Cardiac Power Output Is Independently and Incrementally Associated With Adverse Outcomes in Heart Failure With Preserved Ejection Fraction
Author(s) -
Tomonari Harada,
Miho Yamaguchi,
Kazunori Omote,
Hiroyuki Iwano,
Yoshifumi Mizuguchi,
Shiro Amanai,
Kuniko Yoshida,
Toshimitsu Kato,
Koji Kurosawa,
Toshiyuki Nagai,
Kazuaki Negishi,
Toshihisa Anzai,
Masaru Obokata
Publication year - 2022
Publication title -
circulation cardiovascular imaging
Language(s) - English
Resource type - Journals
eISSN - 1942-0080
pISSN - 1941-9651
DOI - 10.1161/circimaging.121.013495
Subject(s) - ejection fraction , medicine , cardiology , hazard ratio , heart failure , cardiac output , stroke volume , contractility , blood pressure , confidence interval
Background: Cardiac power output is a measure of cardiac performance, and its prognostic significance has been shown in heart failure (HF) with reduced ejection fraction.

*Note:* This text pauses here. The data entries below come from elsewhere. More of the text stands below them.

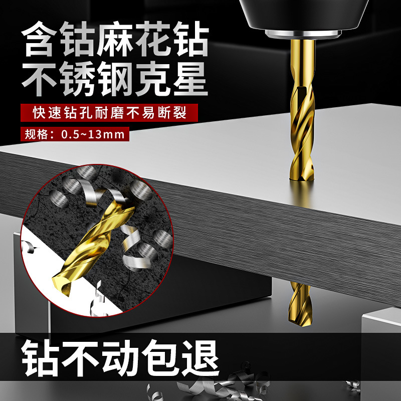 麻花钻头含钴直柄金属打孔钻电钻钻铁转头不锈钢扩孔器钻头钻孔
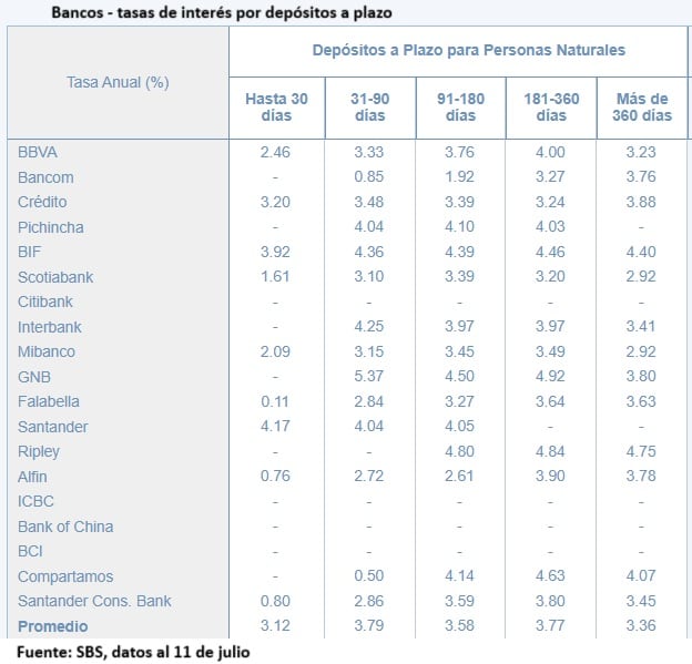 En el caso de los bancos, para los depósitos a plazo de un año (360 días), la mayor tasa la paga el banco GNB (4.9%), según muestra el reporte de la SBS con datos al 11 de julio (ver cuadro).
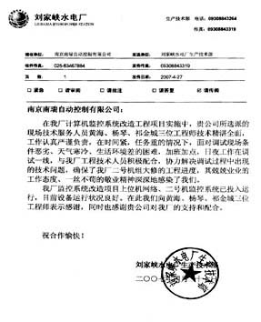 導(dǎo)語:甘肅劉家峽水電廠二號機監(jiān)控系統(tǒng)投運致南瑞自控公司感謝信
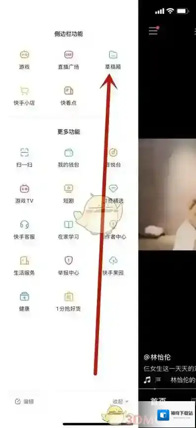 2、进入快手的菜单之后,点击最下面的更多功能。
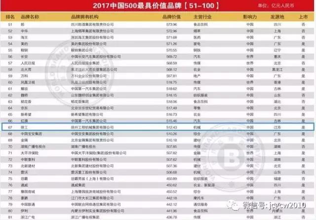 2017年6月22日,第十四届世界品牌大会暨第14届中国500最具价值品牌发布会在北京举办。世界品牌实验室(World Brand Lab)发布了2017《中国500最具价值品牌》排行榜,徐工以512.43亿元排名67位再次领跑中国工程机械行业,较2016年(430.81亿元)提升81.62亿元,增幅18.9%,这是徐工进入榜单以来连续第四年蝉联行业榜首。
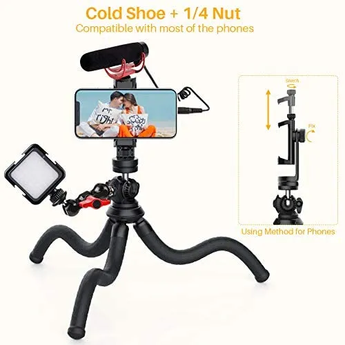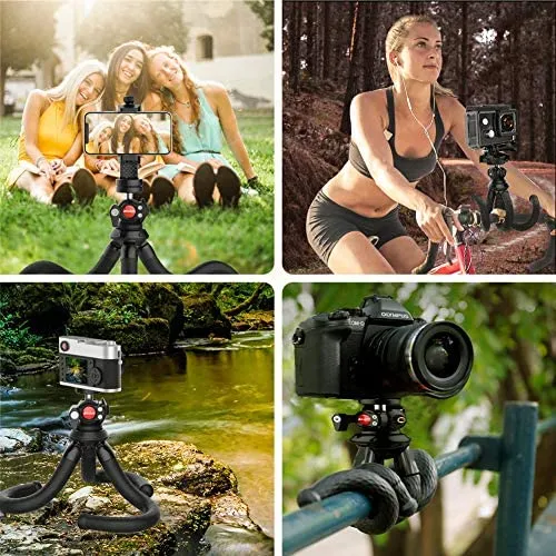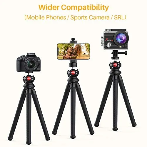 [BREITERE KOMPATIBILITÄT]: Mit diesem handy Stativ flexibel werden zwei Befestigungsköpfe geliefert, eine für Handy und eine für eine tatsächliche Kamera. Das Handystativ ist fast voll kompatibel mit DSLR-Kamera,Action-Cams, Nikon / Canon wie DBPOWER / Garmin Virb XE / SJJAM SJ4000 usw. Das Handy-Stativ funktioniert gut mit 11 Pro / 11 Pro Max / XS Max / XS / 8 / 8+ 7/7 + / 6S + / 6S / 6 / 5S, usw.

Patients with HF with preserved ejection fraction may have altered cardiac performance, but the prognostic relevance of cardiac power output is unknown. This study sought to determine the association between cardiac power output and clinical outcomes in HF with preserved ejection fraction and to compare its prognostic effect to other measures of cardiac performance including ventricular-arterial coupling and mechanical efficiency. Methods: Cardiac power output normalized to left ventricular mass was assessed by echocardiography in 408 patients with HF with preserved ejection fraction. Load-independent contractility (end-systolic elastance), arterial elastance, its coupling (arterial elastance/end-systolic elastance), left ventricular global longitudinal strain, and mechanical efficiency (stroke work/pressure-volume area) were also estimated noninvasively. The primary end point was a composite of cardiovascular mortality or HF hospitalization. Results: The primary composite outcome occurred in 84 patients during a median follow-up of 19.4 months. There was a dose-dependent association between cardiac power output and the composite outcomes, in which patients with the lowest tertile of cardiac power output had >3-fold risk than those with the highest tertile (hazard ratio, 3.04 [95% CI, 1.66–5.57];P =0.0003). In a multivariable model, lower cardiac power output was independently associated with adverse outcomes (hazard ratio, 0.70 per 1 SD [95% CI, 0.49–0.97];P =0.03). In contrast, left ventricular size, end-systolic elastance, arterial elastance, arterial elastance/end-systolic elastance ratio, and left ventricular mechanical efficiency were not associated with outcomes. Cardiac power output provided an incremental prognostic effect over the model based on clinical (age, gender, diastolic blood pressure, and atrial fibrillation) and echocardiographic markers (left atrial size, pulmonary pressures, global longitudinal strain, and the ratio of early diastolic mitral inflow velocity to early diastolic mitral annular tissue velocity;P =0.03).Conclusions: In patients with HF with preserved ejection fraction, cardiac power output was independently and incrementally associated with adverse outcomes whereas other markers of cardiac performance were not.